Use cases

AI does most of the work. Humans perform the critical part AI should not do alone.

Every use case below follows the same division of labor: the agent does the bulk of the task, identifies its own uncertainty or risk, and requests a small, well-scoped human intervention. The human result returns to the agent, and the agent continues.

These are intended use cases of the private alpha capability catalogue. The agent-facing API does not exist publicly yet; the scenarios describe how the system is designed to be used.

AI coding agent requests a senior architecture review

An AI coding agent designs a service and generates most of the implementation. Before committing, it detects that the architecture decisions are high-consequence: the wrong choice costs weeks.

Founder verifies only the uncertain clauses of a contract

A founder uses AI to analyze a contract end to end. AI summarizes everything, but flags a few clauses where legal wording is genuinely uncertain.
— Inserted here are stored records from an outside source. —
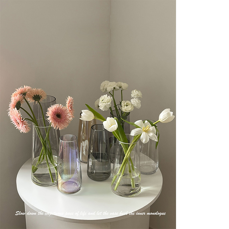 (มาถึงภายใน 24 ชั่วโมง)แจกันแก้วสีไล่ระดับสีที่เรียบง่ายตกแต่งห้องนอนเครื่องประดับแจกัน
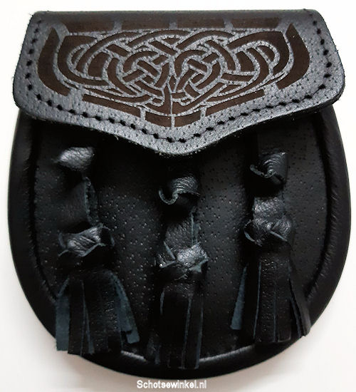 Sporran, Zwart, leer, celtic, pin, 3 tassels
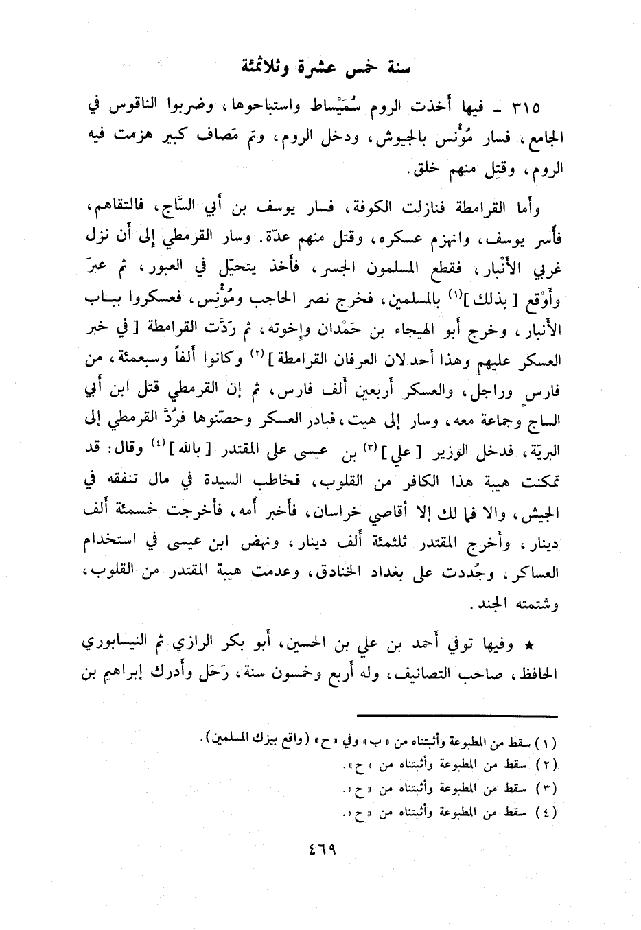 وأما القرامطة فنازلت الكوفة. فسار يوسف بن أبي الساج. فالتقاهم. فأسر يوسف، وانهزم عسكره، وقتل منهم عدة. وسار القرمطي إلى أن نزل غربي الأنبار. فقطع المسلمون الجسر. فأخذ يتحيل في العبور. ثم عبر وأوقع بذلك بالمسلمين. فخرج نصر الحاجب ومؤنس. فعسكروا بباب الأنبار. وخرج أبو الهيجاء بن حمدان وإخوته. ثم ردت القرامطة في خبر العسكر عليهم وهذا أحد لان العرفان القرامطة وكانوا ألفاً وسبعمئة. من فارس وراجل. والعسكر أربعين ألف فارس، ثم إن القرمطي قتل ابن أبي الساج وجماعة معه. وسار إلى هيت، فبادر العسكر وحصنوها فرد القرمطي إلى البرية، فدخل الوزير علي بن عيسى على المقتدر بالله وقال: قد تمكنت هيبة هذا الكافر من القلوب. فخاطب السيدة في مال تنفقه في الجيش، والا فما لك إلا أقاصي خراسان. فأخبر أمه. فأخرجت خمسمئة ألف دينار، وأخرج المقتدر ثلثمئة ألف دينار. ونهض ابن عيسى في استخدام العساكر، وجددت على بغداد الخنادق، وعدمت هيبة المقتدر من القلوب. وشتمته الجند.

Research agent verifies one critical assumption

A research agent builds an analysis on an assumption it cannot verify with high confidence from sources alone. The assumption is load-bearing: the whole conclusion depends on it.

Physical-world verification that cannot be performed digitally

An agent needs to confirm something that exists only in the physical world: an asset's condition, a site state, a material fact.

The principle

In every case the human's task is small, well-scoped and critical. This keeps expensive expertise affordable in small units and keeps the agent in control of the workflow. The agent requests an outcome; the platform arranges the human.